First, all of the quality controlled data was extracted from Hydstra and monthly aggregates were calculated. As the statistics are meant to represent the overall monthly dryness or wetness, the monthly median was used for the flow data to ensure that flooding events would not bias the statistic (i.e. compared to mean or sum). The monthly sum was used for precipitation. The sites were then grouped by month and order rankings were calculated for the entire dataset.
For the map statistics, the last six months of telemetered data was extracted from HydroTel to ensure that the most up-to-date data is always available at the time of the map creation. Again, the sites were aggregated and grouped by month. The telemetered monthly values for each site were then ranked within the earlier quality controlled data to determine its percentile.
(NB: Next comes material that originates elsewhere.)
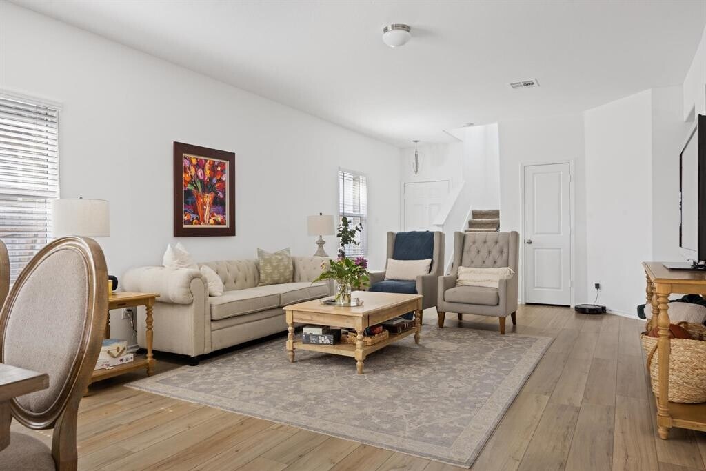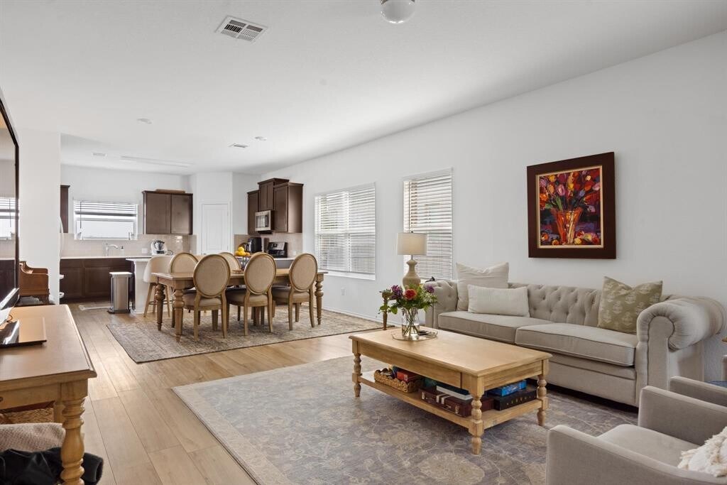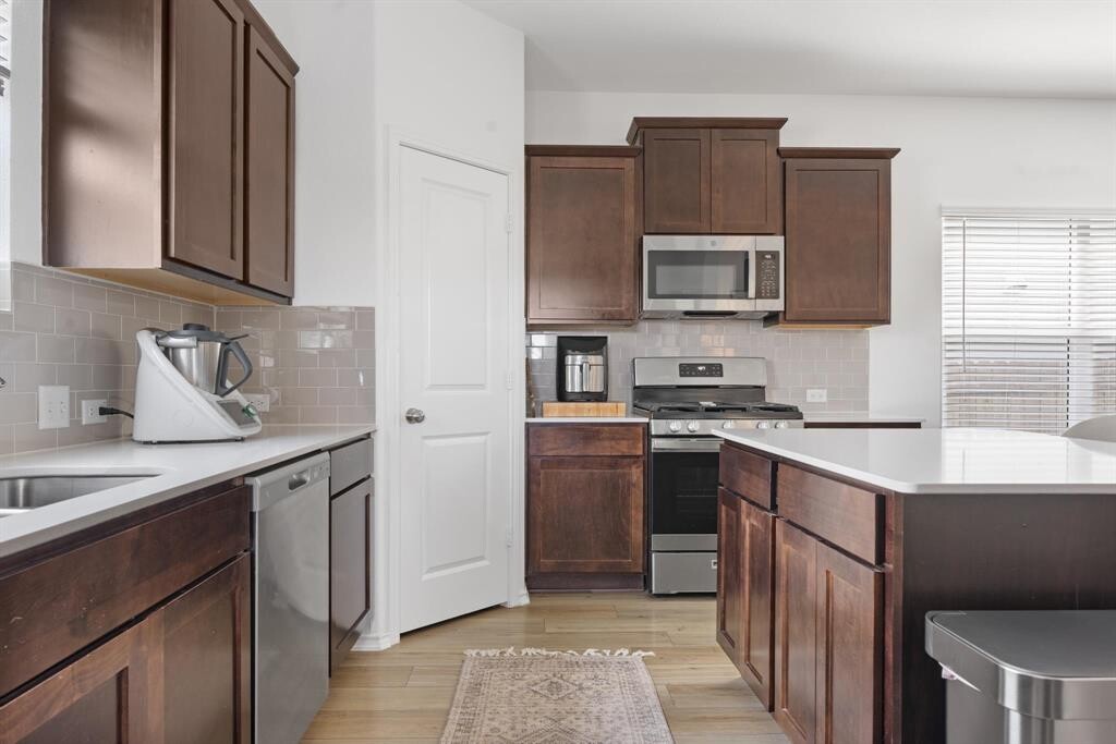 Bright open plan the Winsdale has walk in closets in every room, spacious bedrooms, large open living space, and a massive 29' x 13' game room upstairs. All luxury rigid core wood look vinyl flooring on the first level, garden tub and separate shower in master suite, 2 faux wood blinds, Silestone counters and subway tile backsplash, tall cabinetry, stainless steel gas range, microwave & dishwasher. Washer and Dryer included. Enjoy nature in the spacious back yard with some trees and gorgeous hilly view in the green space behind the home. Nestled near the front entry of the community you'll enjoy views of rolling hills all around. With LAKE ACCESS in the community(!), a gorgeous pool set up high overlooking gorgeous sunset or sunrise views of the lake, a covered pavillion for picnics, and miles of hiking trails as well as very scenic walkability through the hilly entry of community, you can live in paradise while your kids attend top rated schools! This community is nestled in impressive tall rolling hills and within 5 minutes drive of Balcones Canyonland Reserve nature trails.

Once all of the percentiles for the past six months are calculated for all sites, the site percentiles were aggregated to the larger hydrologic areas. The aggregation procedure was different for surface water sites and precipitation sites. All precipitation sites were given equal weight for each area, so consequently a simple mean of all monthly site values were used. As flow measured at a particular point along a river represents everything up gradient of that site, each flow value within the larger hydrologic area was weighted by its catchment size.
Once the monthly site values are aggregated to each hydrologic area, a categorical index is applied. 0-10%tile: very low, 10-25%tile: below average, 25-75%tile: average, 75-90%tile: above average, 90-100%tile: very high. These categories are identical to maps created by the USGS in their Active Groundwater Level Network.
The mapping process is performed using the open source interactive python plotting library called Bokeh. The previous six months of the categories are presented on the map.
Groundwater¶
Most of the procedures for the groundwater map is similar to the surface water and precipitation map, but there are some key differences.
The areas used for the map presentation (and aggregation) for groundwater are the Canterbury Water Management Strategy (CWMS) zones as opposed to the larger hydrologic areas for surface water and precipitation.
The site selection for surface water and precipitation was performed once and is a fixed input to the mapping model, while the groundwater mapping makes the site selection every time the model is run. For the CWMS zones other than the Upper Waitaki, the criteria is that there is at least 10 years of data. Due to a necessity of including the Upper Waitaki even though no well meets the criteria of having at least 10 years of data, the year limit was lowered to 5 years.
The only data that was utilised for the groundwater mapping was the monthly manual water level measurements. This was done to increase the number of available wells for the mapping as compared to the wells with continuous data. All values up to the previous month were extracted. As the monthly sampling is performed at various times of the month and may even occasionally occur twice or not at all in a month, a linear interpolation was performed for all sites and the monthly median was taken to provide a more consistent and comparable dataset between sites.
The percentiles for the all sites for the entire dataset were calculated and, as with the surface water and precipitation mapping, the previous six months of percentiles were aggregated to the CWMS zones. The categories were then calculated according to the above and plotted using Bokeh.